WHAT IS REQUIRED:
The records that follow are to be given again exactly. Do not carry over any image.

DATA EXCERPTS:
────────────────

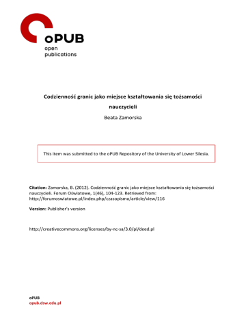 Codzienność granic jako miejsce kształtowania się tożsamości nauczycieli Beata Zamorska This item was submitted to the oPUB Repository of the University of Lower Silesia. Citation: Zamorska, B. (2012). Codzienność granic jako miejsce kształtowania się tożsamości nauczycieli. Forum Oświatowe, 1(46), 104-123. Retrieved from: http://forumoswiatowe.pl/index.php/czasopismo/article/view/116 Version: Publisher's version http://creativecommons.org/licenses/by-nc-sa/3.0/pl/deed.pl oPUB opub.dsw.edu.pl FORUM OŚWIATOWE 1(46), 2012 KU PERSPEKTYWIE SPOŁECZNO-KULTUROWEJ W EDUKACJI PL ISSN 0867–0323 Beata Zamorska Dolnośląska Szkoła Wyższa Codzienność granic jako miejsce kształtowania się tożsamości nauczycieli Prowadzone przez badaczy społecznych analizy szkolnej rzeczywistości, poprzez różnorodne pytania poszerzają wiedzę o tym, co dzieje się w przestrzeni szkolnej, pozwalają na rekonstrukcję struktur oraz reguł, zasad determinujących przebieg zachodzących procesów, sposobów działań, stosowanych rozwiązań. W niniejszym artykule próbuję uchwycić problematyczność zawodowej codzienności nauczycieli poprzez spojrzenie na tożsamość kształtowaną w nieustannych relacjach, w których toczy się ich profesjonalne życie. Sama kategoria tożsamości nauczycieli była i jest stałym przedmiotem dociekań teoretyczno-badawczych (Dróżka, 2008; Gołębniak, 2001; Kwiatkowska, 2005; Ligus, 2009; Connelly, Clandinin, 1999, 2000). Intencją, która przyświeca mi w zabieraniu głosu na ten temat, jest zwrócenie uwagi na jedno z najbardziej podstawowych założeń w naukach społecznych, iż nasze życie toczy się pośród innych, a tożsamość Ja nie jest jedynie efektem indywidualnych wysiłków, lecz procesem społecznym. Clandinin i Connelly opisując zachodzące zmiany w sposobach badania świata nauczycieli posługują się terminen relational methodolgy, którym ujmują metodologiczny wgląd w miejsca napięć, ujawniających się w różnorodnych 108Beata Zamorska relacjach, w jakich kształtuje się profesjonalizm. Pytanie o tożsamość nauczycieli umieszczam w odniesieniu do złożonej, ruchomej, dynamicznej przestrzeni różnorakich relacji, w jakich toczy się codzienne szkolne życie. Główną inspiracją jest jednak dla mnie idea dialogowości M. Bachtina, poszerzona odniesieniami do analiz bycia-w-świecie M. Heideggera oraz Innego E. Levinasa. Korzystając z tropów wskazanych przez tych trzech myślicieli mam świadomość różnic w ich koncepcjach, toczonych między nimi sporów i nierozwiązanych sprzeczności. Odważam się jednak dość swobodnie czerpać z ich myśli, nie w celu ich rekonstrukcji, ale korzystania z obecnego w ich koncepcjach wątku kształtowania się Ja pośród różnorakich relacji. Ontologiczne otwarcie na spotkania wewnątrz świata, który dzielę z innymi sprawia, że życie Ja rozgrywa się na granicach: na pograniczu mojego wewnętrznego świata, wykraczania poza doświadczaną teraźniejszość i na najważniejszej, nieredukowalnej granicy między mną a innym. Podjęta przeze mnie refleksja związana jest z pytaniem o możliwości, jakie wnosi do pedeutologii analiza procesów rozgrywających się na progu spotkań nauczycieli z innymi uczestnikami szkolnej codzienności. Granice domu: Ja-dla-siebie Podstawowa granica, której stale każdy z nas doświadcza związana jest z wyodrębnieniem siebie spośród innych ludzi i rzeczy. Fundamentalne doświadczenie Ja, które ciągle nam się wymyka, ginie w wielości codziennych obowiązków, licznych spraw, którymi się zajmujemy, bądź tymi, które nas zajmują. Jednocześnie, w różnych momentach, prześwitach (Heidegger) bycia dochodzi do mnie wołanie o bycie autentyczne, które jest moją i tylko moją możliwością bycia właściwego. Jakie są granice mojego świata? Co je tworzy? Jaki jest ten świata w obrębie granic mojego Ja? Każdy człowiek postrzega siebie jako ja, ale w konkretnym, niepowtarzalnym zdarzeniu życia postrzegam jako ja tylko siebie, zaś wszyscy pozostali ludzie są dla mnie innymi. Nie ma dla mnie życia beze mnie, ja bez siebie nie istnieję (Bachtin, 1986, s. 457). Ja, o które pytam, jest tylko moje. Ty nie może być dla mnie drugim Ja, ponieważ nie mam do niego dostępu w ten sam sposób, jak w odniesieniu do siebie samego. Tylko ja znam siebie „od wewnątrz”, moje życie rozgrywa się w konkretnych przeżyciach, w których doświadczam burzliwości emocji, rozterek, poddaję się impulsom i przeczuciom. Bachtin różnicuje przeżywanie treści własnego życia od ujmowania cudzego. Innego widzę z zewnątrz, spotykam go w sytuacjach i zdarzeniach, dowiaduję się od niego o stanach, które przeżywa, bądź staram się je rozpoznać na podstawie Codzienność granic jako miejsce kształtowania się tożsamości nauczycieli 109 obserwowanych u niego reakcji. Zupełnie inaczej doświadczam siebie. Jest to perspektywa mojego wewnętrznego Ja. Bycie, o które owemu bytowi chodzi, jest zawsze moje [...] zagadywanie jestestwa musi stosownie do charakteru mojości tego bytu używać zaimka osobowego „ja jestem”, „ty jesteś” (Heidegger, 2004, s. 54). Wprowadzony przez Heideggera termin mojość nie oznacza cechy, która przynależy poszczególnym jednostkom. Nie chodzi o to, że mam do czynienia z wieloma innymi, którzy mają (mówiąc zawiłym heideggerowskim językiem) swoje „mojości”, ale o to, że tylko ja mogę powiedzieć, że to jestestwo jest moje. To właśnie sprawia, że nie mogę być wobec siebie bezstronny, ponieważ zawsze rozumiem siebie w określony sposób. Przy czym dla Heideggera rozumienie nie jest aktem refleksji, którą celowo na coś, na kogoś ukierunkowuję, ale jest sposobem mojego bycia. We wszystkim, czym się zajmuję, w co się angażuję i w czym uczestniczę zawsze siebie jakoś rozumiem. Przyglądając się temu, co rozgrywa się w granicach mojego Ja chodzi mi właśnie o te
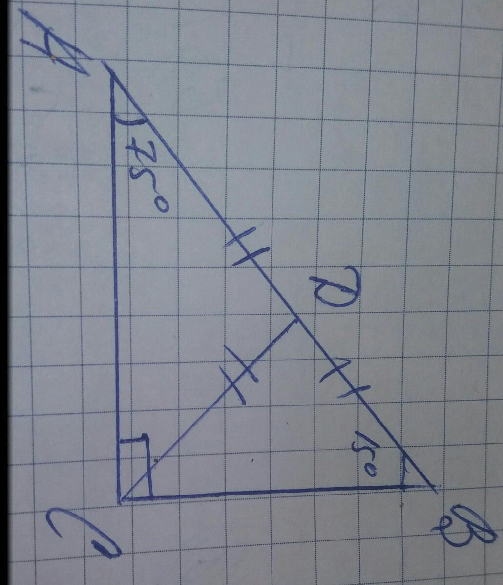 треугольник прямоугольный значит медиана равна половине гипотенузы
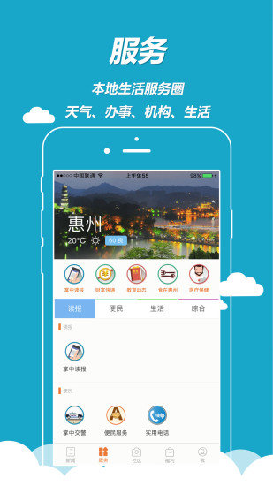 掌中惠州app是一款专为惠州本地用户打造的综合性资讯服务平台,由惠州掌尚传橙新媒体有限公司精心开发。作为惠州地区最具影响力的移动应用之一,掌中惠州致力于为用户提供全方位的本地生活服务。在这里,您不仅可以第一时间获取惠州本地的热点新闻和头条资讯,还能享受便捷的公共服务功能,包括医院挂号、违章处理、公共缴费等。同时,平台还汇聚了惠州本地优质的商家资源,为您推荐吃喝玩乐的好去处,让您轻松玩转惠州。无论是想了解城市动态,还是寻找休闲娱乐,掌中惠州都是您的最佳选择。
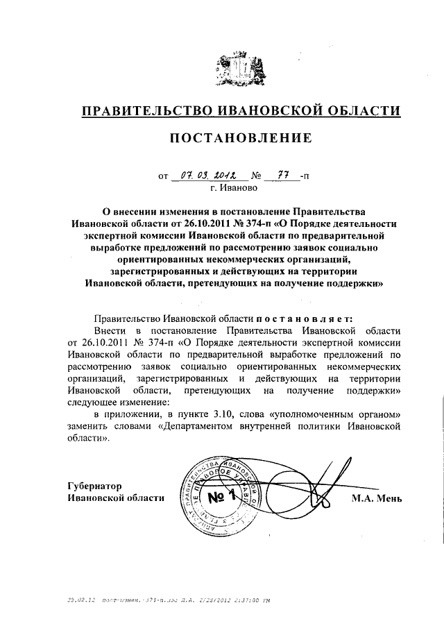 Постановление Правительства Ивановской области от 07.03.2012 N 77-п "О внесении изменения в постановление Правительства Ивановской области от 26.10.2011 N 374-п "О Порядке деятельности экспертной комиссии Ивановской области по предварительной выработке предложений по рассмотрению заявок социально ориентированных некоммерческих организаций, зарегистрированных и действующих на территории Ивановской области, претендующих на получение поддержки"
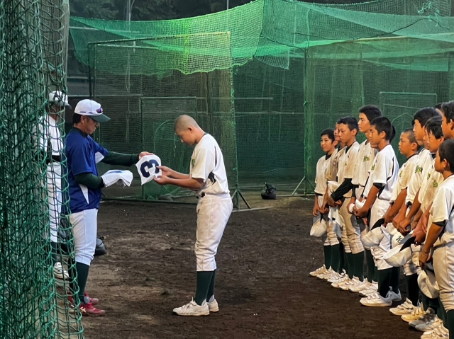 初大会に向けて、1年生に初めて背番号が配られました。

────────────────

TASK RESPONSE:
 Codzienność granic jako miejsce kształtowania się tożsamości nauczycieli Beata Zamorska This item was submitted to the oPUB Repository of the University of Lower Silesia. Citation: Zamorska, B. (2012). Codzienność granic jako miejsce kształtowania się tożsamości nauczycieli. Forum Oświatowe, 1(46), 104-123. Retrieved from: http://forumoswiatowe.pl/index.php/czasopismo/article/view/116 Version: Publisher's version http://creativecommons.org/licenses/by-nc-sa/3.0/pl/deed.pl oPUB opub.dsw.edu.pl FORUM OŚWIATOWE 1(46), 2012 KU PERSPEKTYWIE SPOŁECZNO-KULTUROWEJ W EDUKACJI PL ISSN 0867–0323 Beata Zamorska Dolnośląska Szkoła Wyższa Codzienność granic jako miejsce kształtowania się tożsamości nauczycieli Prowadzone przez badaczy społecznych analizy szkolnej rzeczywistości, poprzez różnorodne pytania poszerzają wiedzę o tym, co dzieje się w przestrzeni szkolnej, pozwalają na rekonstrukcję struktur oraz reguł, zasad determinujących przebieg zachodzących procesów, sposobów działań, stosowanych rozwiązań. W niniejszym artykule próbuję uchwycić problematyczność zawodowej codzienności nauczycieli poprzez spojrzenie na tożsamość kształtowaną w nieustannych relacjach, w których toczy się ich profesjonalne życie. Sama kategoria tożsamości nauczycieli była i jest stałym przedmiotem dociekań teoretyczno-badawczych (Dróżka, 2008; Gołębniak, 2001; Kwiatkowska, 2005; Ligus, 2009; Connelly, Clandinin, 1999, 2000). Intencją, która przyświeca mi w zabieraniu głosu na ten temat, jest zwrócenie uwagi na jedno z najbardziej podstawowych założeń w naukach społecznych, iż nasze życie toczy się pośród innych, a tożsamość Ja nie jest jedynie efektem indywidualnych wysiłków, lecz procesem społecznym. Clandinin i Connelly opisując zachodzące zmiany w sposobach badania świata nauczycieli posługują się terminen relational methodolgy, którym ujmują metodologiczny wgląd w miejsca napięć, ujawniających się w różnorodnych 108Beata Zamorska relacjach, w jakich kształtuje się profesjonalizm. Pytanie o tożsamość nauczycieli umieszczam w odniesieniu do złożonej, ruchomej, dynamicznej przestrzeni różnorakich relacji, w jakich toczy się codzienne szkolne życie. Główną inspiracją jest jednak dla mnie idea dialogowości M. Bachtina, poszerzona odniesieniami do analiz bycia-w-świecie M. Heideggera oraz Innego E. Levinasa. Korzystając z tropów wskazanych przez tych trzech myślicieli mam świadomość różnic w ich koncepcjach, toczonych między nimi sporów i nierozwiązanych sprzeczności. Odważam się jednak dość swobodnie czerpać z ich myśli, nie w celu ich rekonstrukcji, ale korzystania z obecnego w ich koncepcjach wątku kształtowania się Ja pośród różnorakich relacji. Ontologiczne otwarcie na spotkania wewnątrz świata, który dzielę z innymi sprawia, że życie Ja rozgrywa się na granicach: na pograniczu mojego wewnętrznego świata, wykraczania poza doświadczaną teraźniejszość i na najważniejszej, nieredukowalnej granicy między mną a innym. Podjęta przeze mnie refleksja związana jest z pytaniem o możliwości, jakie wnosi do pedeutologii analiza procesów rozgrywających się na progu spotkań nauczycieli z innymi uczestnikami szkolnej codzienności. Granice domu: Ja-dla-siebie Podstawowa granica, której stale każdy z nas doświadcza związana jest z wyodrębnieniem siebie spośród innych ludzi i rzeczy. Fundamentalne doświadczenie Ja, które ciągle nam się wymyka, ginie w wielości codziennych obowiązków, licznych spraw, którymi się zajmujemy, bądź tymi, które nas zajmują. Jednocześnie, w różnych momentach, prześwitach (Heidegger) bycia dochodzi do mnie wołanie o bycie autentyczne, które jest moją i tylko moją możliwością bycia właściwego. Jakie są granice mojego świata? Co je tworzy? Jaki jest ten świata w obrębie granic mojego Ja? Każdy człowiek postrzega siebie jako ja, ale w konkretnym, niepowtarzalnym zdarzeniu życia postrzegam jako ja tylko siebie, zaś wszyscy pozostali ludzie są dla mnie innymi. Nie ma dla mnie życia beze mnie, ja bez siebie nie istnieję (Bachtin, 1986, s. 457). Ja, o które pytam, jest tylko moje. Ty nie może być dla mnie drugim Ja, ponieważ nie mam do niego dostępu w ten sam sposób, jak w odniesieniu do siebie samego. Tylko ja znam siebie „od wewnątrz”, moje życie rozgrywa się w konkretnych przeżyciach, w których doświadczam burzliwości emocji, rozterek, poddaję się impulsom i przeczuciom. Bachtin różnicuje przeżywanie treści własnego życia od ujmowania cudzego. Innego widzę z zewnątrz, spotykam go w sytuacjach i zdarzeniach, dowiaduję się od niego o stanach, które przeżywa, bądź staram się je rozpoznać na podstawie Codzienność granic jako miejsce kształtowania się tożsamości nauczycieli 109 obserwowanych u niego reakcji. Zupełnie inaczej doświadczam siebie. Jest to perspektywa mojego wewnętrznego Ja. Bycie, o które owemu bytowi chodzi, jest zawsze moje [...] zagadywanie jestestwa musi stosownie do charakteru mojości tego bytu używać zaimka osobowego „ja jestem”, „ty jesteś” (Heidegger, 2004, s. 54). Wprowadzony przez Heideggera termin mojość nie oznacza cechy, która przynależy poszczególnym jednostkom. Nie chodzi o to, że mam do czynienia z wieloma innymi, którzy mają (mówiąc zawiłym heideggerowskim językiem) swoje „mojości”, ale o to, że tylko ja mogę powiedzieć, że to jestestwo jest moje. To właśnie sprawia, że nie mogę być wobec siebie bezstronny, ponieważ zawsze rozumiem siebie w określony sposób. Przy czym dla Heideggera rozumienie nie jest aktem refleksji, którą celowo na coś, na kogoś ukierunkowuję, ale jest sposobem mojego bycia. We wszystkim, czym się zajmuję, w co się angażuję i w czym uczestniczę zawsze siebie jakoś rozumiem. Przyglądając się temu, co rozgrywa się w granicach mojego Ja chodzi mi właśnie o te
 треугольник прямоугольный значит медиана равна половине гипотенузы
 掌中惠州app是一款专为惠州本地用户打造的综合性资讯服务平台,由惠州掌尚传橙新媒体有限公司精心开发。作为惠州地区最具影响力的移动应用之一,掌中惠州致力于为用户提供全方位的本地生活服务。在这里,您不仅可以第一时间获取惠州本地的热点新闻和头条资讯,还能享受便捷的公共服务功能,包括医院挂号、违章处理、公共缴费等。同时,平台还汇聚了惠州本地优质的商家资源,为您推荐吃喝玩乐的好去处,让您轻松玩转惠州。无论是想了解城市动态,还是寻找休闲娱乐,掌中惠州都是您的最佳选择。
 Постановление Правительства Ивановской области от 07.03.2012 N 77-п "О внесении изменения в постановление Правительства Ивановской области от 26.10.2011 N 374-п "О Порядке деятельности экспертной комиссии Ивановской области по предварительной выработке предложений по рассмотрению заявок социально ориентированных некоммерческих организаций, зарегистрированных и действующих на территории Ивановской области, претендующих на получение поддержки"
 初大会に向けて、1年生に初めて背番号が配られました。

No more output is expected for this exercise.